## EXERCISE INSTRUCTIONS
Write out, exactly and only, the lines that run from the top of the records to the line with "Lot of Three: Stoneware". Include both ends; exclude pictures.

## EXTRACTED ENTRIES
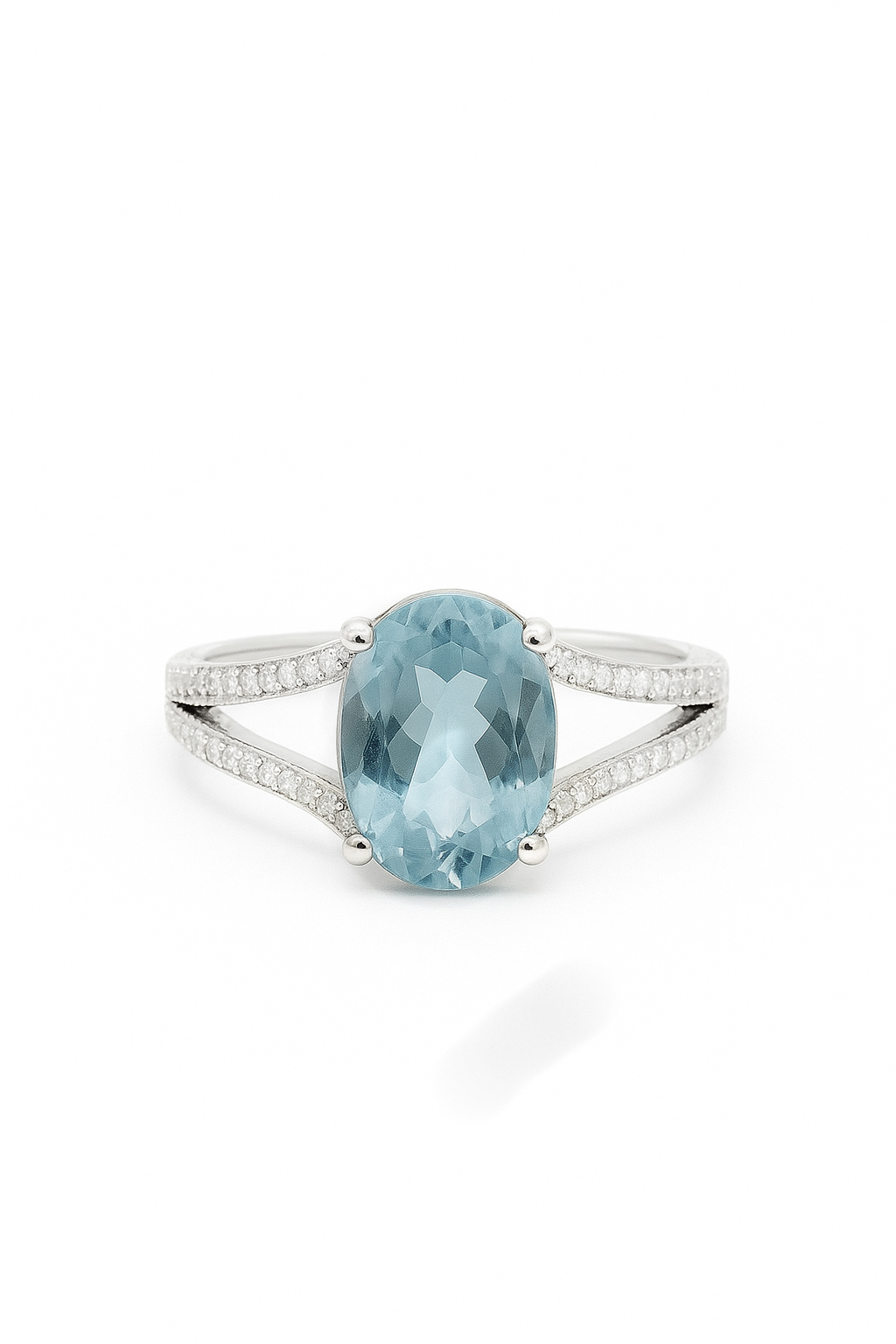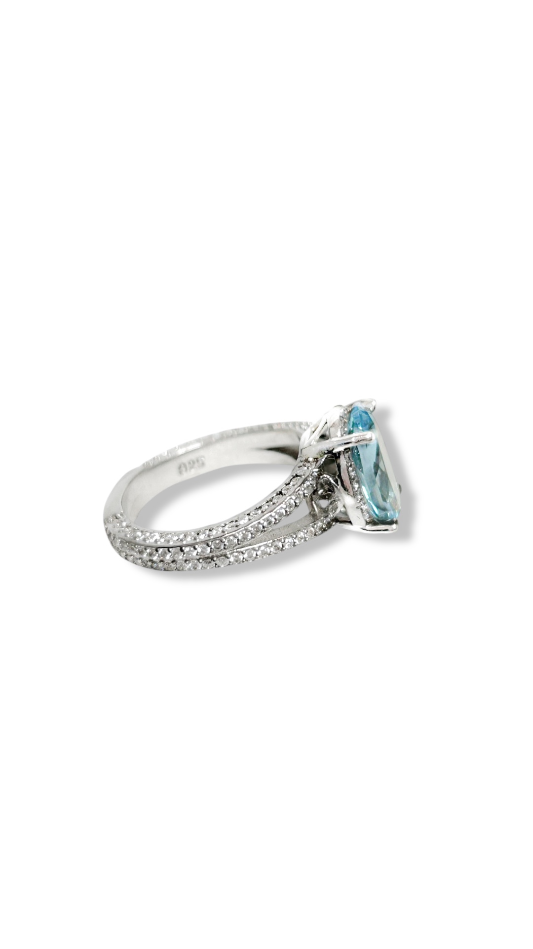 Sterling silver 925 Aquamarine ring with cubic zirconias . Size 7. 12mm x 8mm stone.
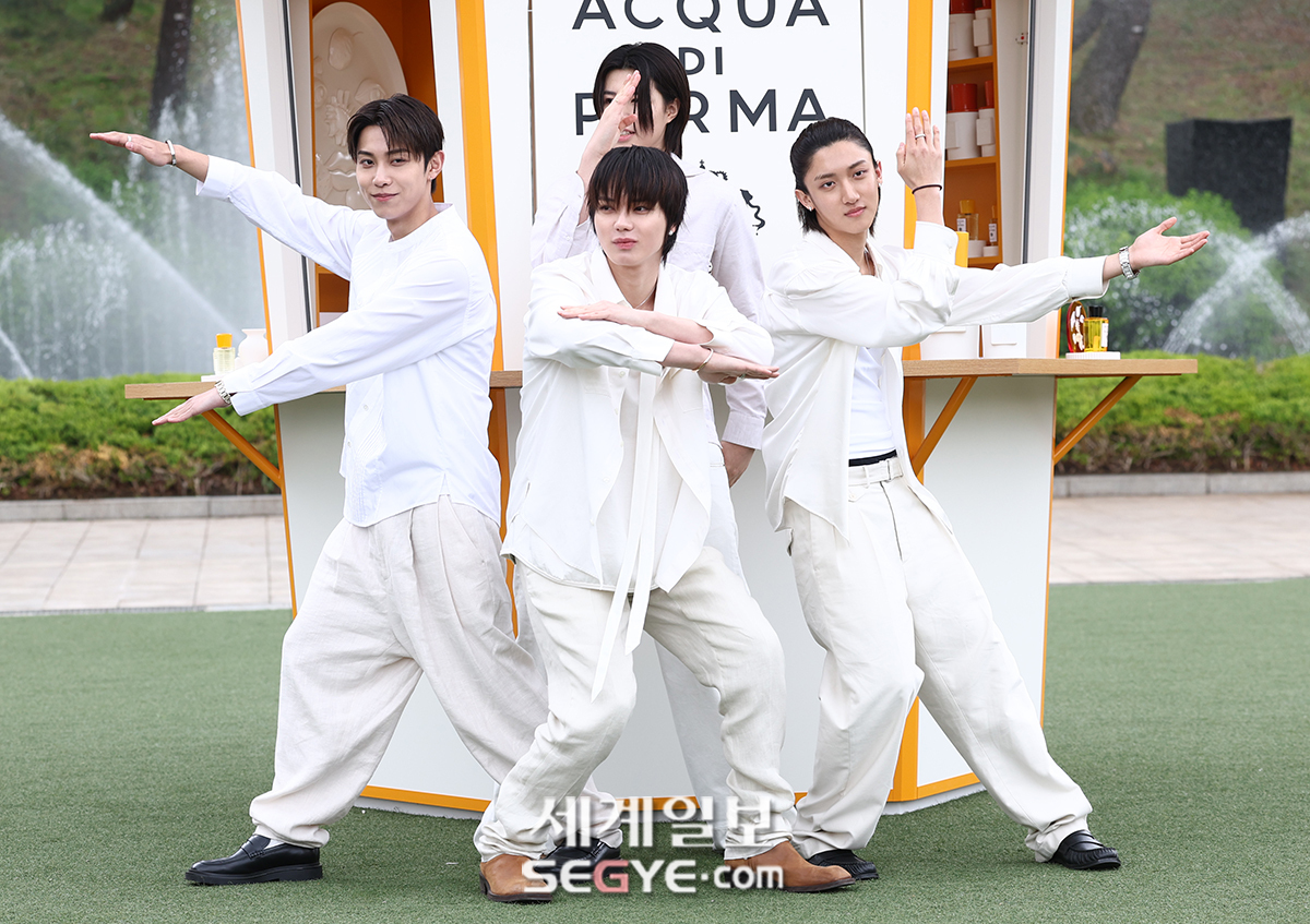 그룹 롱샷이 28일 서울 서초동 예술의 전당 음악광장에서 진행된 이탈리안 라이프 스타일 프래그런스 브랜드 팝업 오프닝 행사에 참석해 포즈를 취하고 있다.
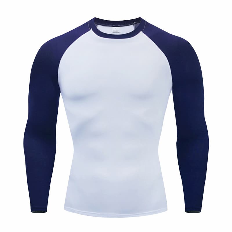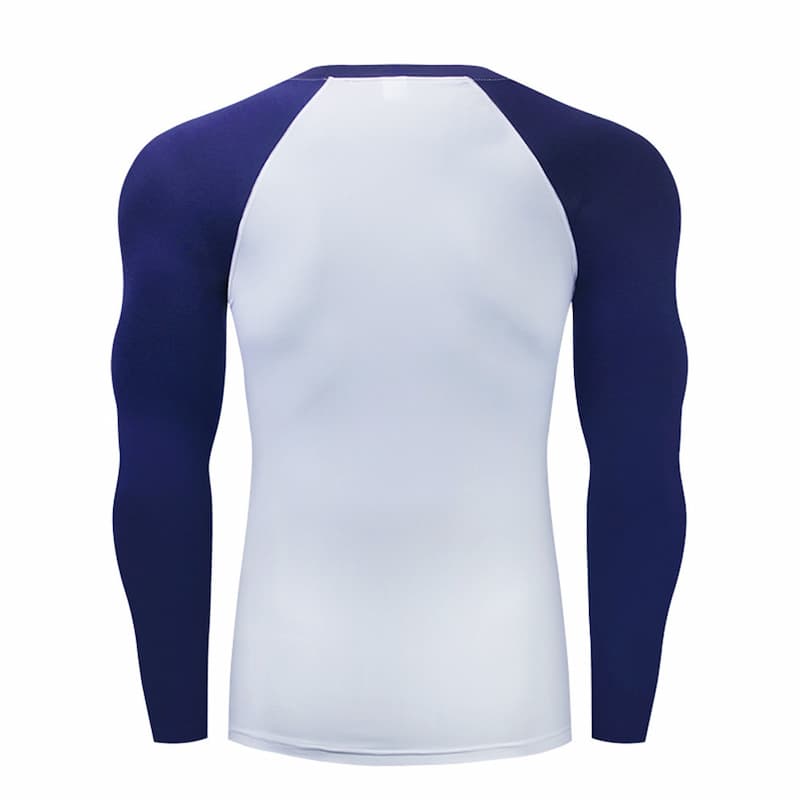 Рашгард чоловічий спортивний білого кольору із синіми рукавами, для занять активними видами спорту. Рашгард чоловічий спортивний біло-синій шиється зі швидковисихаючої облягаючої тканини з легким компресійним ефектом.
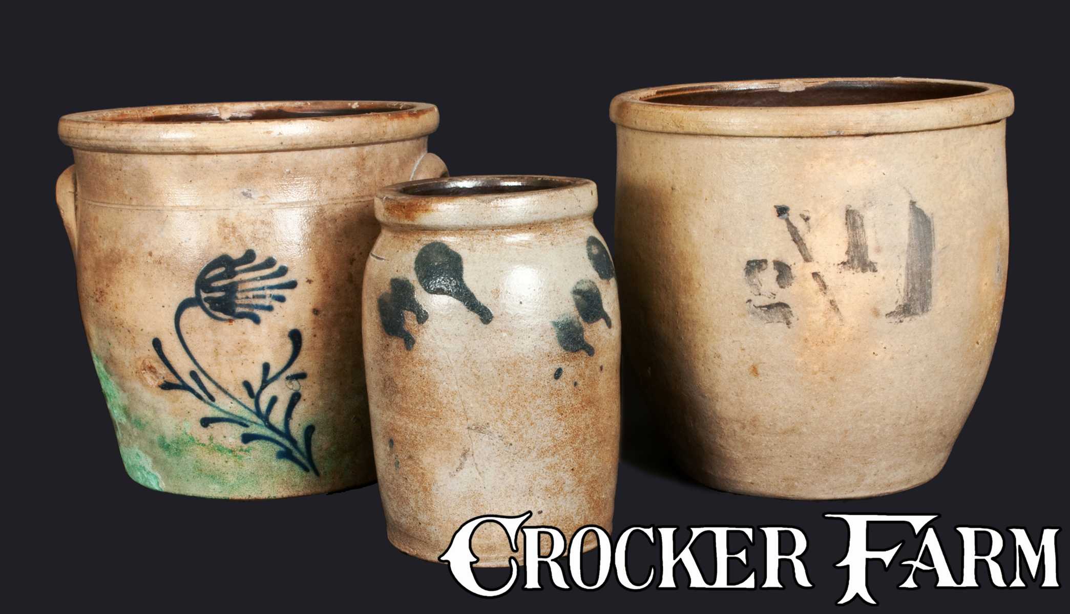 Lot of Three: Stoneware Jars incl. Quart-Sized PA Jar, Slip-Trailed NY Floral Cream Jar, and 1 1/2 Gal. Cream Jar
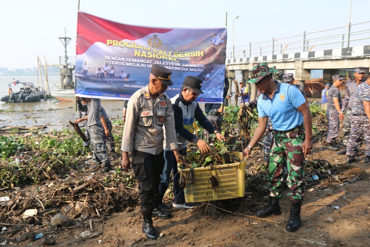 PALEMBANG (Beritakeadilan, Sumsel) – Dalam Rangka HUT TNI Angkatan Laut Ke-78 Tahun 2023, Pangkalan TNI Angkatan Laut (Lanal) Palembang melaksanakan Program Kali Bersih (Prokasih)dengan tema “Melalui Prokasih TNI Angkatan Laut Bersama Rakyat Siap Menjaga Kelestarian Lingkungan Guna Terus Melaju Untuk Indonesia Maju. Kegiatan tersebut berlokasi di Binpotmar TNI AL 1 Ilir Palembang, Selasa (05/09/2023).
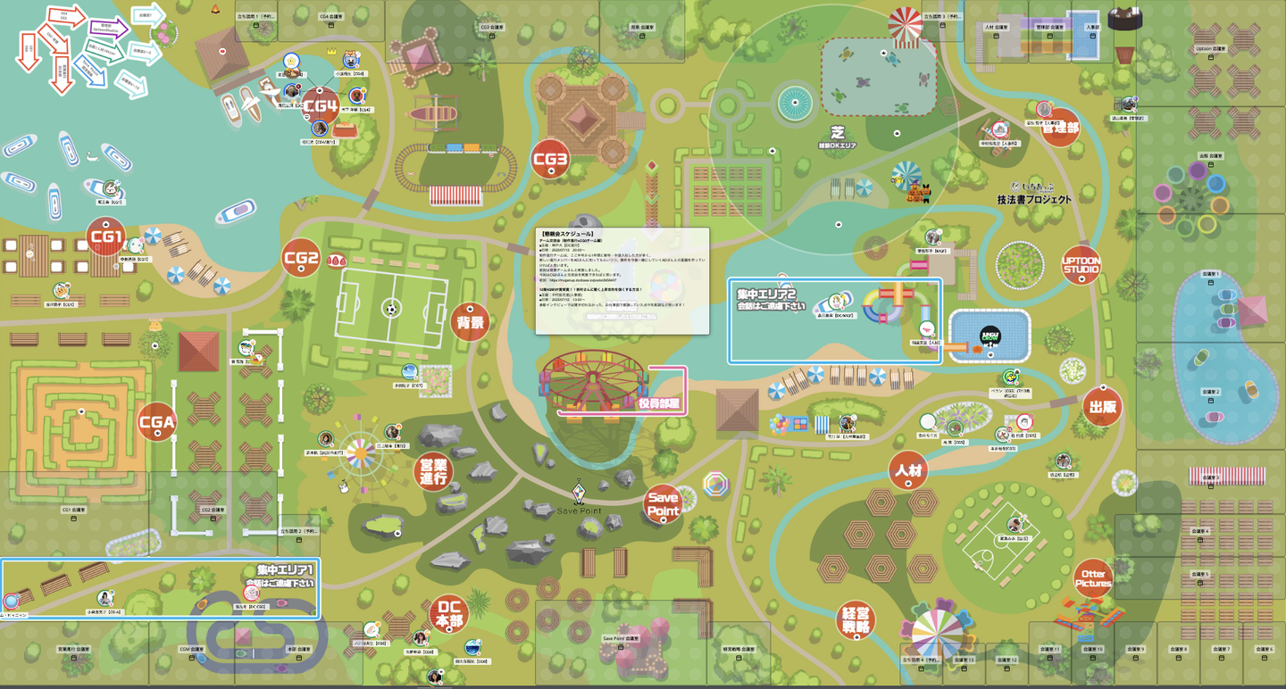 下記の写真のように、まるでゲームのマップのようなバーチャルオフィス上に、部門ごとのエリアがありますので、そこに各自ログインをして毎日の業務にあたっています。
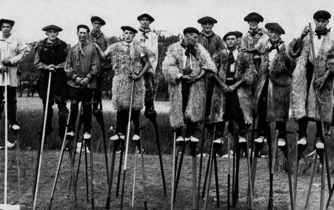 Trained to walk on stilts from childhood, many shepherds achieved incredible virtuosity. They could pick up a pebble from the ground, pluck a flower, pretend to fall and then nimbly right themselves, or run on one leg.
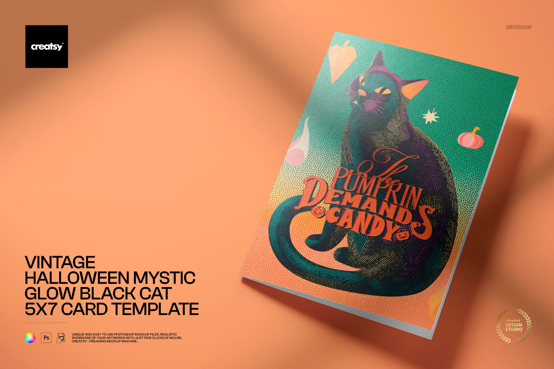 Vintage Halloween Mystic Glow Black Cat 5x7 Card Template

## EXPECTED OUTPUT
 Sterling silver 925 Aquamarine ring with cubic zirconias . Size 7. 12mm x 8mm stone.
 그룹 롱샷이 28일 서울 서초동 예술의 전당 음악광장에서 진행된 이탈리안 라이프 스타일 프래그런스 브랜드 팝업 오프닝 행사에 참석해 포즈를 취하고 있다.
 Рашгард чоловічий спортивний білого кольору із синіми рукавами, для занять активними видами спорту. Рашгард чоловічий спортивний біло-синій шиється зі швидковисихаючої облягаючої тканини з легким компресійним ефектом.
 Lot of Three: Stoneware Jars incl. Quart-Sized PA Jar, Slip-Trailed NY Floral Cream Jar, and 1 1/2 Gal. Cream Jar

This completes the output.